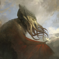 a fantasy scene with a prominent sea monster. The creature appears to be inspired by Cthulhu,
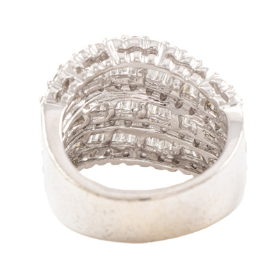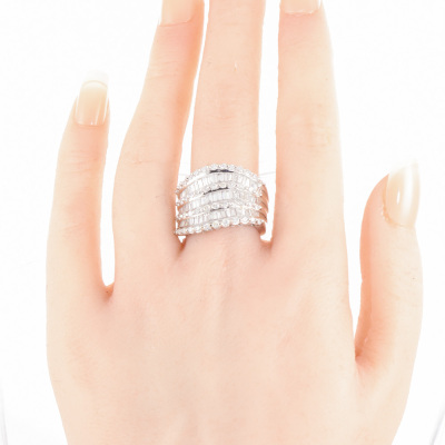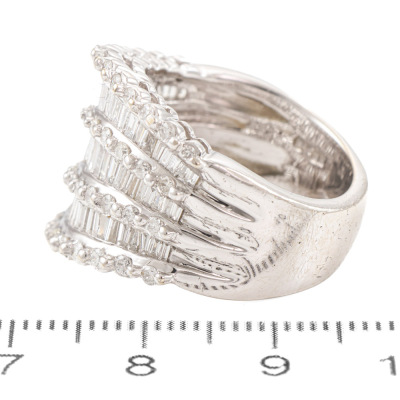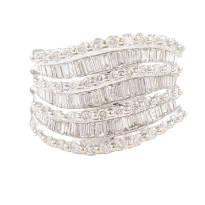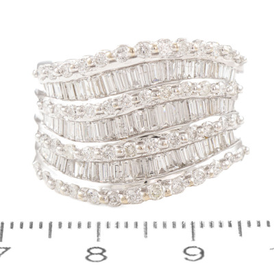 Diamond dress ring with round & baguette cut Natural Diamonds totalling 2.21ct (Estimated grading: GHI SI). 18ct white gold. Ring size: O1/2 -This ring can only be resized up or down by one size. Band width: 6.7mm - 7.7mm. Weight: 16.0g. (Pre-owned)
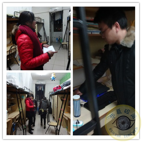 2014年12月15日晚,土木与建筑工程系学生工作办公室主任潘晶,学工办老师姚卓夫,杨志才,胡少梦,潘鹏飞,李敬,汤浩,李艳萍等一行8人对7号楼土木系学生寝室进行了综合性检查,此次检查历时一个多小时,检查内容涉及消防用电安全,寝室内务风貌等各个方面。对于在检查过程中发现的各类问题,学工办都进行了相应的记录。

§ **Task statement**: Transcribe every line of the data exactly. No pictures go in the copy.

§ **Output**:
 a fantasy scene with a prominent sea monster. The creature appears to be inspired by Cthulhu,
 Diamond dress ring with round & baguette cut Natural Diamonds totalling 2.21ct (Estimated grading: GHI SI). 18ct white gold. Ring size: O1/2 -This ring can only be resized up or down by one size. Band width: 6.7mm - 7.7mm. Weight: 16.0g. (Pre-owned)
 2014年12月15日晚,土木与建筑工程系学生工作办公室主任潘晶,学工办老师姚卓夫,杨志才,胡少梦,潘鹏飞,李敬,汤浩,李艳萍等一行8人对7号楼土木系学生寝室进行了综合性检查,此次检查历时一个多小时,检查内容涉及消防用电安全,寝室内务风貌等各个方面。对于在检查过程中发现的各类问题,学工办都进行了相应的记录。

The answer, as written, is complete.